__What the task asks__. Restate word for word the material below, starting at the line that contains "Un vestit que" and stopping after the last line; skip pictures.

__Exercise material__.
⁂

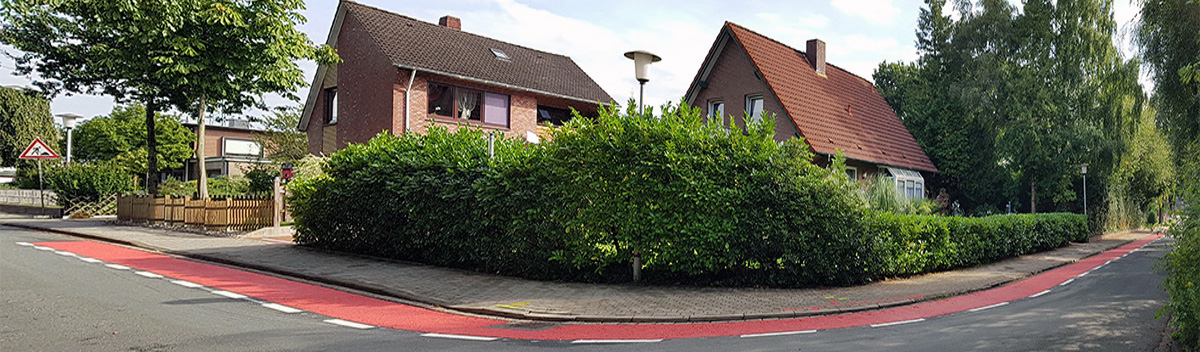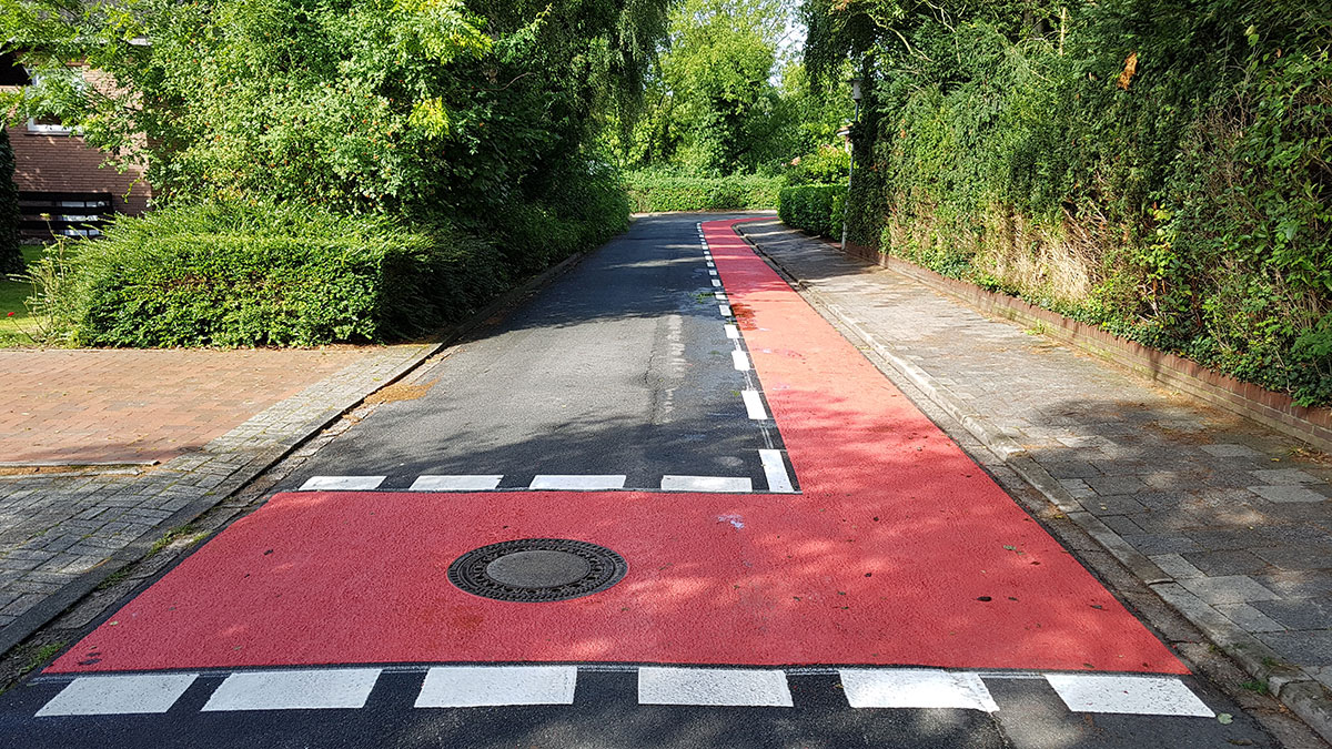 Mit dieser roten Markierung sind unsere Fahrradkinder deutlich besser im Verkehr geschützt.
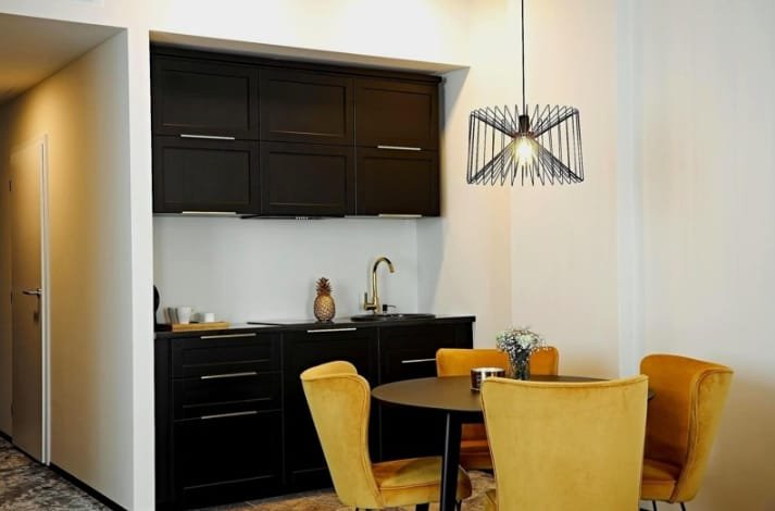 The complex offers 49 options for layouts of apartments of different sizes. The buyers can choose compact studios and comfortable one- and two-bedroom housing from 32 to 62 square metres.
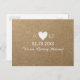 A simple wedding postcard with a rustic look (printed image of kraft texture) for Save-the-Date invitations... featuring a white graphic heart with customisable lines of text... with a touch of simplicity and elegance
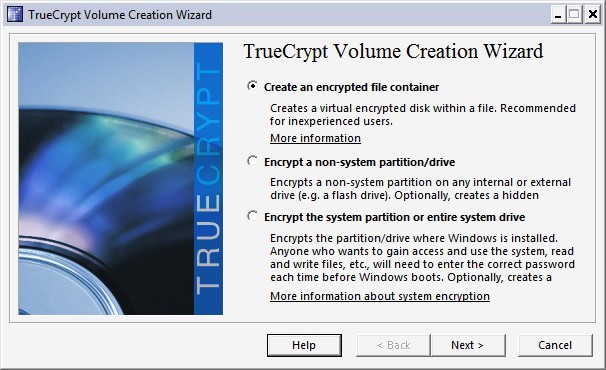 Start by downloading True Crypt from the official website. Click on the Create Volume button after installation. This opens a wizard that can be used to create an encrypted file container.
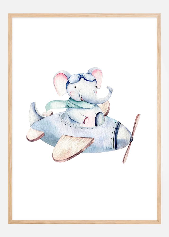 La couleur bleu fraîche de l'avion s'harmonise magnifiquement avec les teintes grises de la peau de l'éléphant, tandis que les tons roses subtils des oreilles ajoutent une douceur à l'image. C'est une affiche artistique qui promet de devenir un favori immédiat dans une chambre d'enfant ou une salle de jeux, inspirant des heures de jeu créatif et d'histoires imaginatives. C'est aussi un élément de décoration intérieure joliment stylé capable de captiver et d'enchanter l'œil dans n'importe quel espace de vie décontracté.
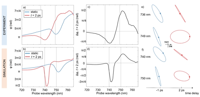 图4 (a-b) 图中显示了静态条件下的φ(蓝色曲线) 和泵到达后 2 ps 的 φ' (红色曲线) 的实验数据和模拟结果;(c-d) 实验(c)和模拟(d)瞬态相变Δφ= φ'- φ;(e-f) 在静态(-1 ps)和扰动(2 ps)条件下,从测量 (e) 和模拟 (f) 中获取的在选定波长下的反射波的偏振椭圆图。
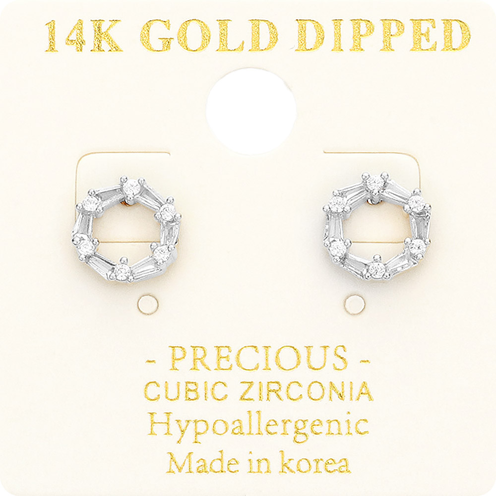 14K Gold Dipped CZ Embellished Open Circle Stud Earrings
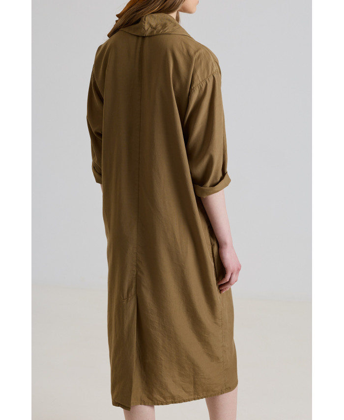 Un vestit que destaca pel seu patronatge únic amb sobreposició de volums. De forma recta i màniga ¾. Destaca el coll creuat que es fusiona amb el cos tot formant les butxaques del davant. Detall d’obertura a l'esquena per a una millor mobilitat. Creat amb teixit fresc, lleuger i d’una fluïdesa molt afavoridora. Serà ideal per moltes ocasions diferents tot combinant calçat diferent.
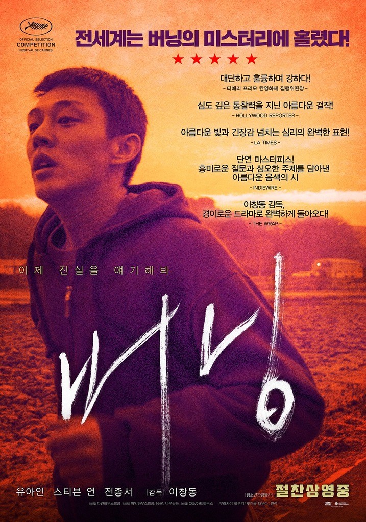 Burning là bộ phim kinh dị, bí ẩn của đạo diễn Lee Chang Dong, người từng vinh dự giành giải thưởng Kịch bản xuất sắc nhất tại LHP Cannes năm 2010. Bộ phim được chuyển thể dựa trên truyện ngắn Barn Burning đăng trên tờ The New Yorker của nhà văn Haruki Murakami mô tả sự bất an, bất lực và giận dữ của những người trẻ Hàn Quốc thông qua câu chuyện của Jong Soo (Yoo Ah In), một nhân viên bán thời gian đồng thời là một tiểu thuyết gia đầy tham vọng và hai người bạn của anh là Hae Mi (Jeon Song Seo) và Ben (Steven Yeun). Tại LHP Cannes lần thứ 71 vừa qua, Burning đã nhận được giải thưởng của Hiệp hội Phê bình báo chí ở hạng mục trao giải độc lập.
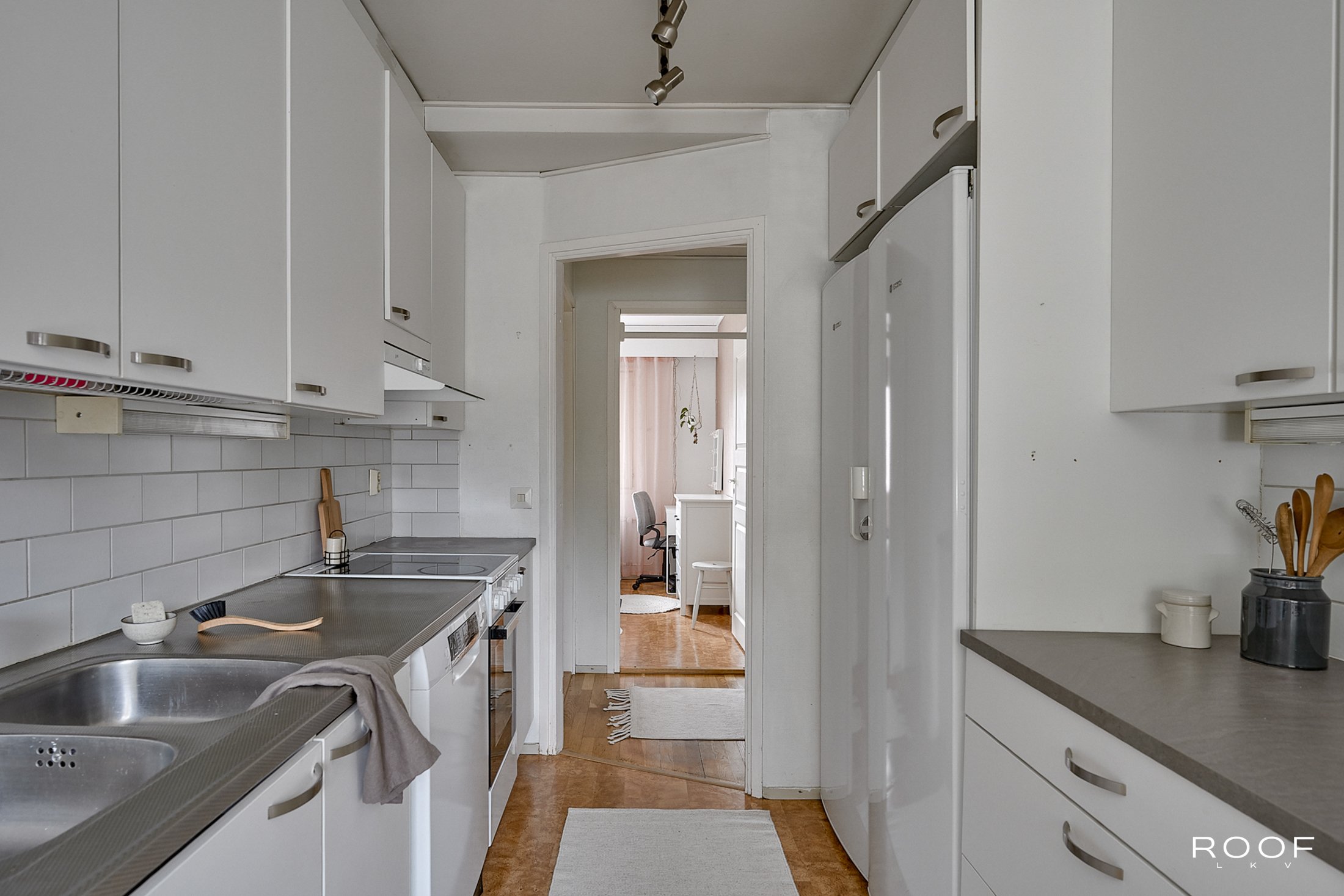 Taloyhtiössä on tehty merkittäviä parannuksia: käyttövesiputket on uusittu ja viimeisimpänä on valmistunut kattoremontti. Sijainti on rauhallinen, mutta palvelut ja hyvät kulkuyhteydet ovat lähellä. Päätyasunto tuo lisäbonuksena hieman enemmän yksityisyyttä – toimiva valinta sinulle, joka arvostat tilaa ja helppoa asumista.Pohjakuva

⁂

__Output for this task__.
 Un vestit que destaca pel seu patronatge únic amb sobreposició de volums. De forma recta i màniga ¾. Destaca el coll creuat que es fusiona amb el cos tot formant les butxaques del davant. Detall d’obertura a l'esquena per a una millor mobilitat. Creat amb teixit fresc, lleuger i d’una fluïdesa molt afavoridora. Serà ideal per moltes ocasions diferents tot combinant calçat diferent.
 Burning là bộ phim kinh dị, bí ẩn của đạo diễn Lee Chang Dong, người từng vinh dự giành giải thưởng Kịch bản xuất sắc nhất tại LHP Cannes năm 2010. Bộ phim được chuyển thể dựa trên truyện ngắn Barn Burning đăng trên tờ The New Yorker của nhà văn Haruki Murakami mô tả sự bất an, bất lực và giận dữ của những người trẻ Hàn Quốc thông qua câu chuyện của Jong Soo (Yoo Ah In), một nhân viên bán thời gian đồng thời là một tiểu thuyết gia đầy tham vọng và hai người bạn của anh là Hae Mi (Jeon Song Seo) và Ben (Steven Yeun). Tại LHP Cannes lần thứ 71 vừa qua, Burning đã nhận được giải thưởng của Hiệp hội Phê bình báo chí ở hạng mục trao giải độc lập.
 Taloyhtiössä on tehty merkittäviä parannuksia: käyttövesiputket on uusittu ja viimeisimpänä on valmistunut kattoremontti. Sijainti on rauhallinen, mutta palvelut ja hyvät kulkuyhteydet ovat lähellä. Päätyasunto tuo lisäbonuksena hieman enemmän yksityisyyttä – toimiva valinta sinulle, joka arvostat tilaa ja helppoa asumista.Pohjakuva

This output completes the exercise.